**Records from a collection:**
_ _ _ _ _
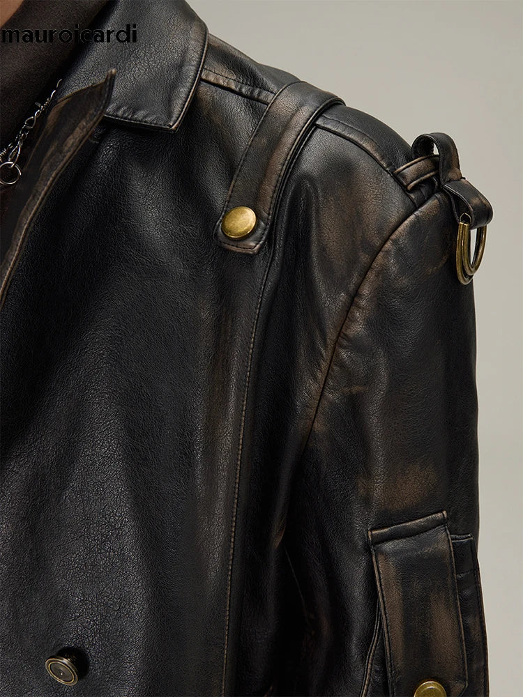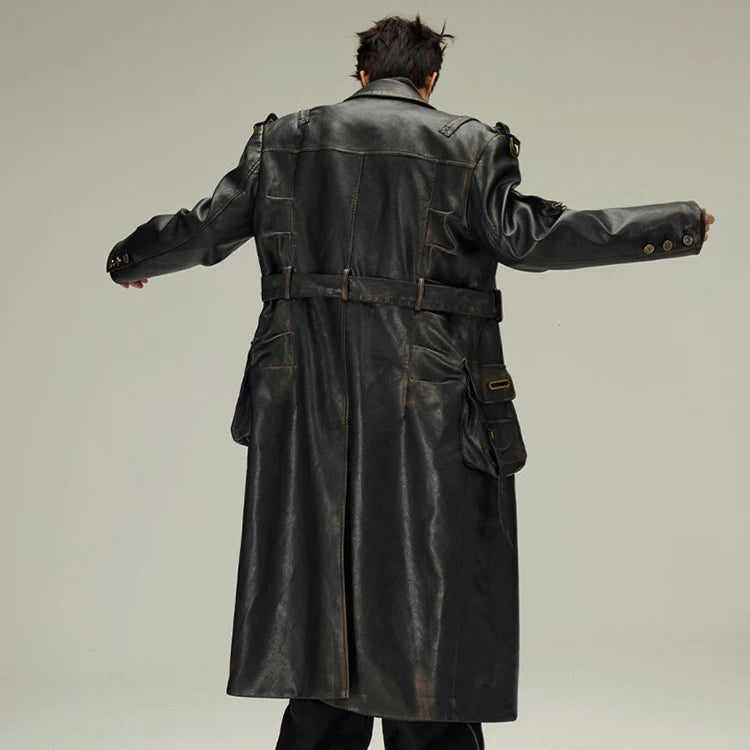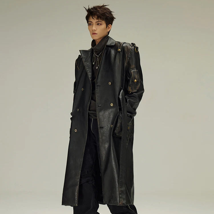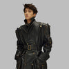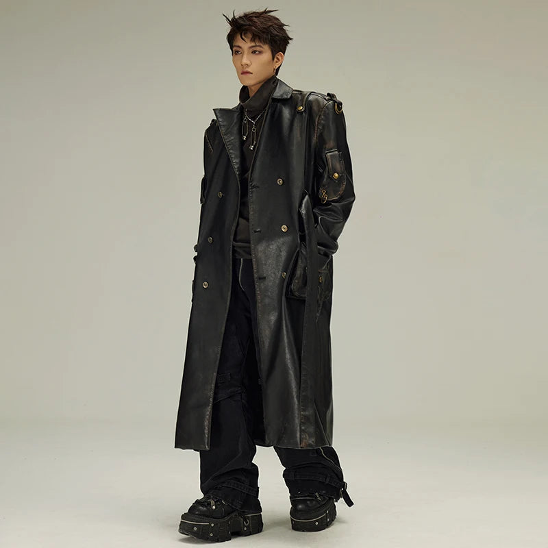 Svart Lång Läderrock i Gotisk Alternativ Stil
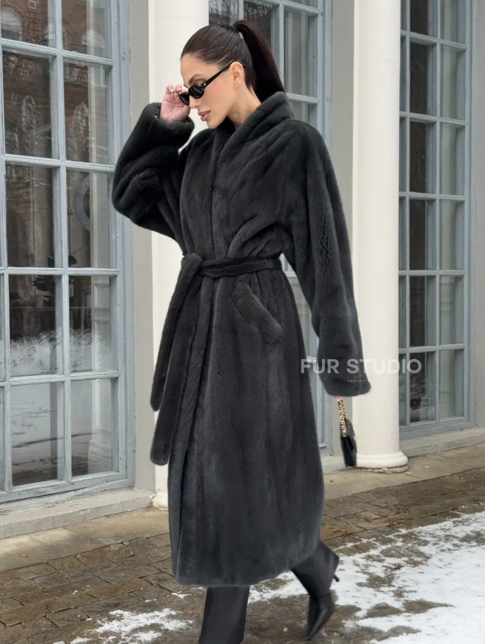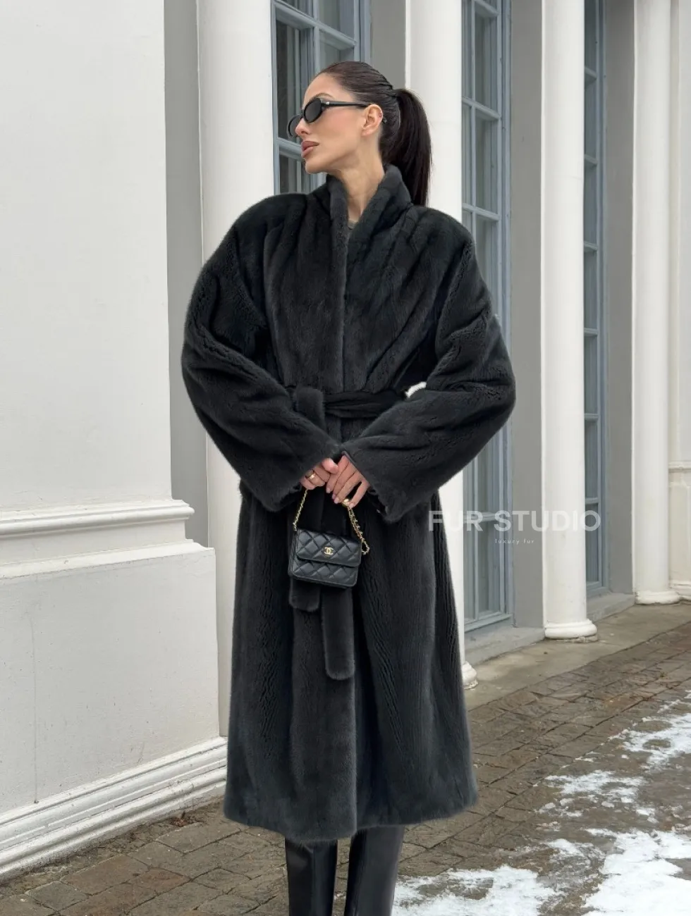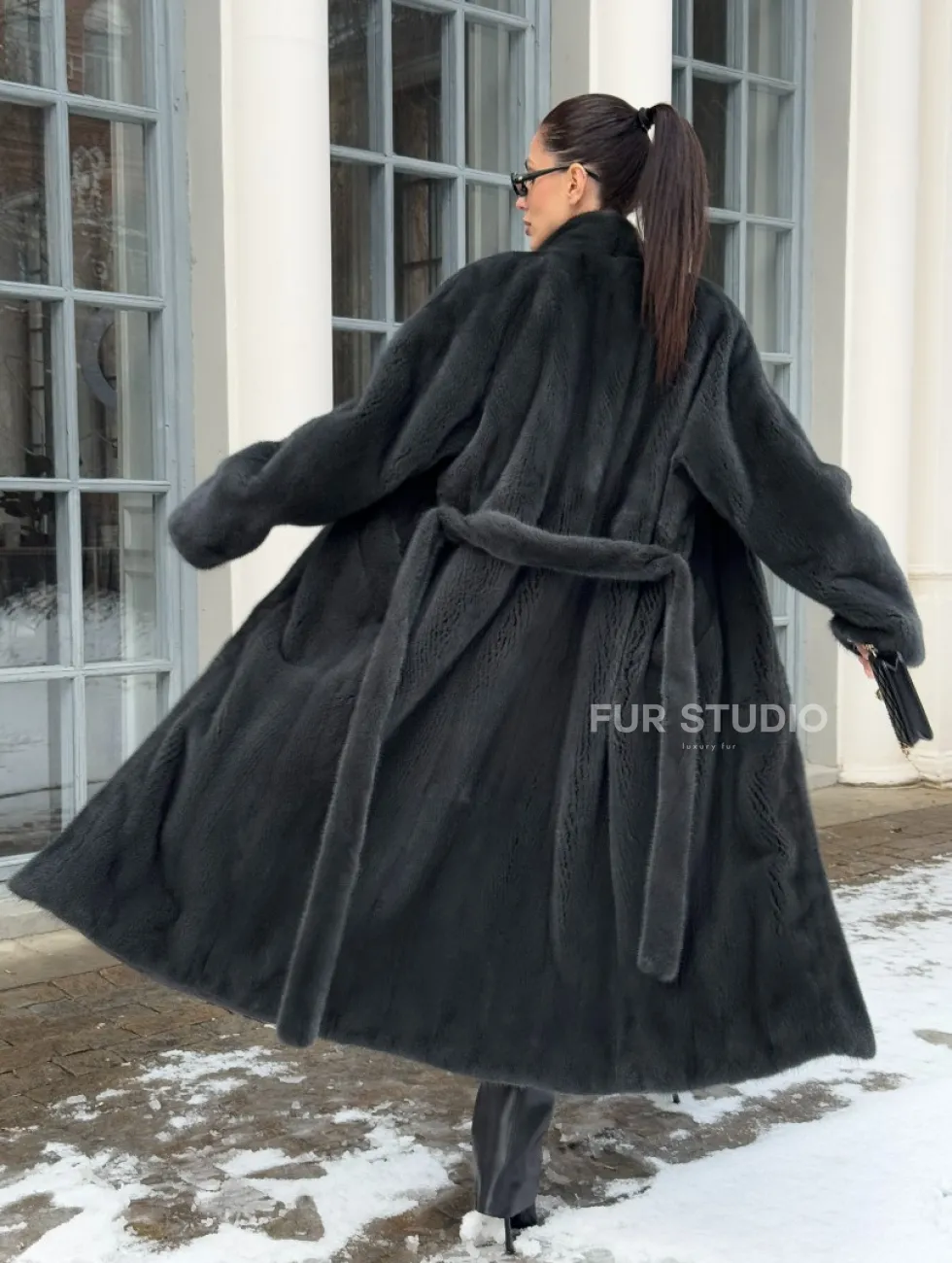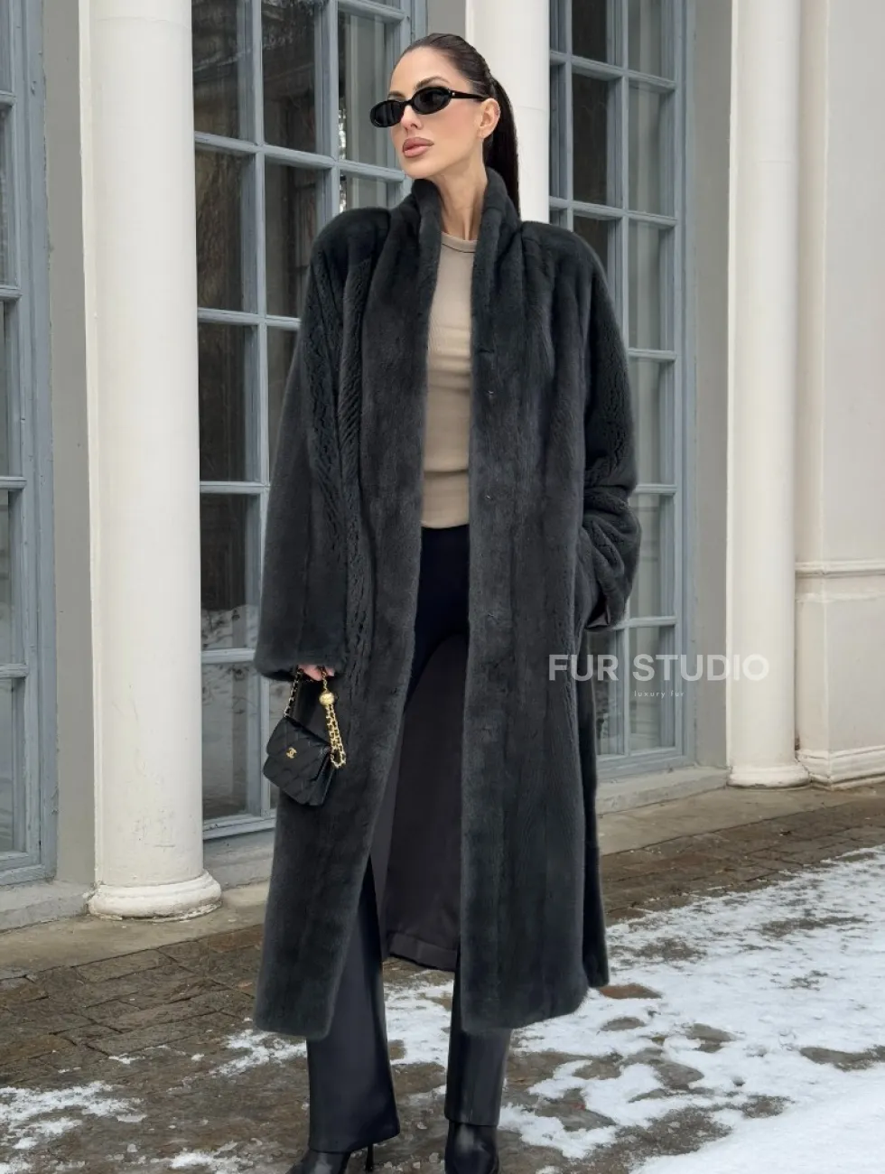 Модная норковая шуба в цвете графит с V-образным воротником доступна для покупки в нашем шоуруме Furs Studio в Чите. У нас так же есть доставка во все города России. Добавьте немного роскоши в свой гардероб с этой шубой, которая будет служить вам многие годы.
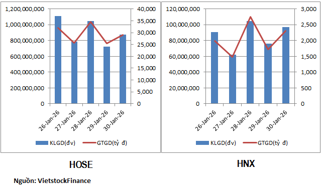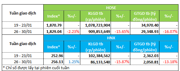 Tuần giao dịch cuối tháng 1, thị trường ghi nhận diễn biến khá ảm đạm về điểm số và thanh khoản. Dòng tiền suy yếu ở cả hai sàn HOSEHNX. Trong đó, khối lượng và giá trị giao dịch sàn HOSE giảm ở mức 16%, còn 910 triệu đơn vị/phiên và 29.3 ngàn tỷ đồng/phiên. Ở sàn HNX, khối lượng giao dịch có mức giảm 16% về 86 triệu đơn vị/phiên và giá trị giao dịch giảm 13% còn hơn 2 ngàn tỷ đồng/phiên.
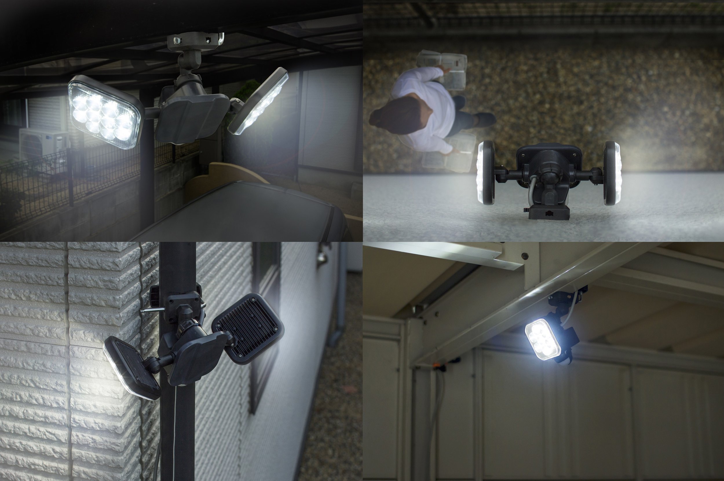I installed a hole in the concrete wall so that the shelves behind the garage became easier to see. I think that it is good to be able to finely set the sensing range and the angle of two lights. It is up to each person how much brightness you want. Personally it was enough.
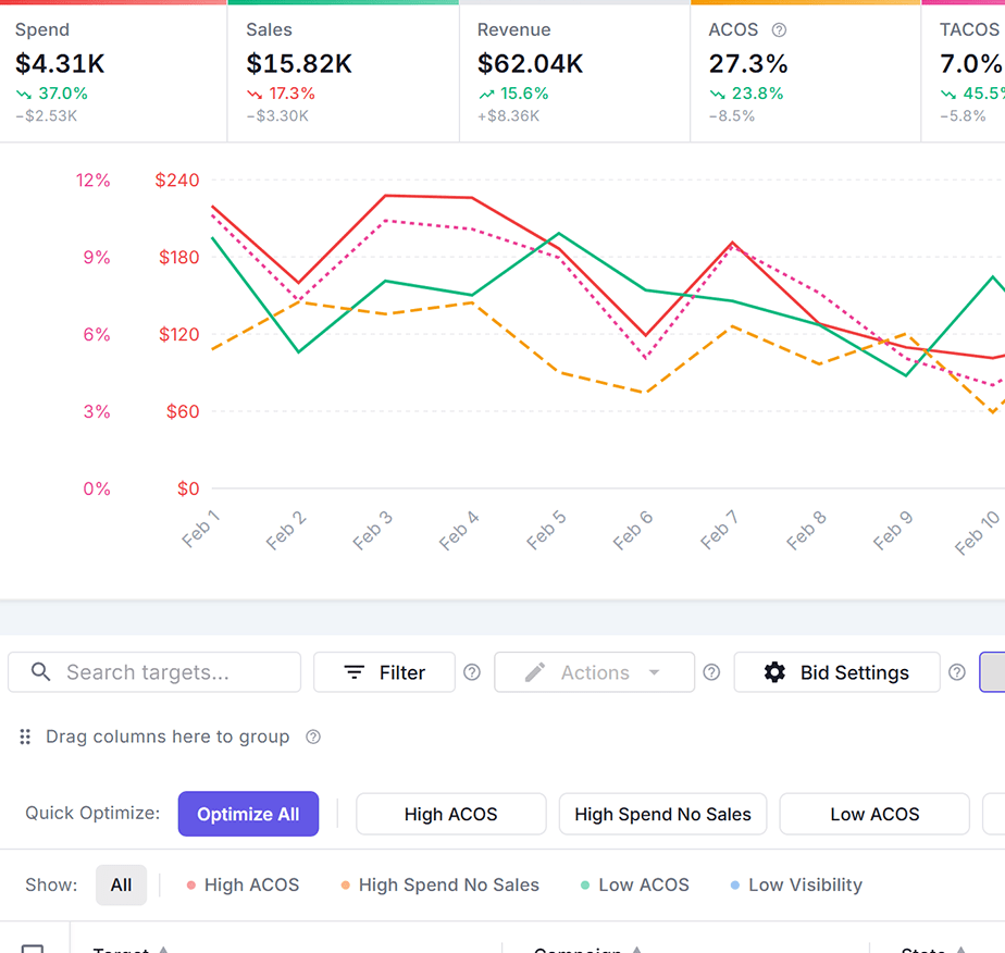 Connect your Amazon accounts, set your targets, and watch performance improve.
_ _ _ _ _
**THE TASK:**
Please set down exactly the lines from the first line of the data above through the line with "Tuần giao dịch", both included, leaving out the pictures.

**OUTPUT OF THE EXERCISE:**
 Svart Lång Läderrock i Gotisk Alternativ Stil
 Модная норковая шуба в цвете графит с V-образным воротником доступна для покупки в нашем шоуруме Furs Studio в Чите. У нас так же есть доставка во все города России. Добавьте немного роскоши в свой гардероб с этой шубой, которая будет служить вам многие годы.
 Tuần giao dịch cuối tháng 1, thị trường ghi nhận diễn biến khá ảm đạm về điểm số và thanh khoản. Dòng tiền suy yếu ở cả hai sàn HOSEHNX. Trong đó, khối lượng và giá trị giao dịch sàn HOSE giảm ở mức 16%, còn 910 triệu đơn vị/phiên và 29.3 ngàn tỷ đồng/phiên. Ở sàn HNX, khối lượng giao dịch có mức giảm 16% về 86 triệu đơn vị/phiên và giá trị giao dịch giảm 13% còn hơn 2 ngàn tỷ đồng/phiên.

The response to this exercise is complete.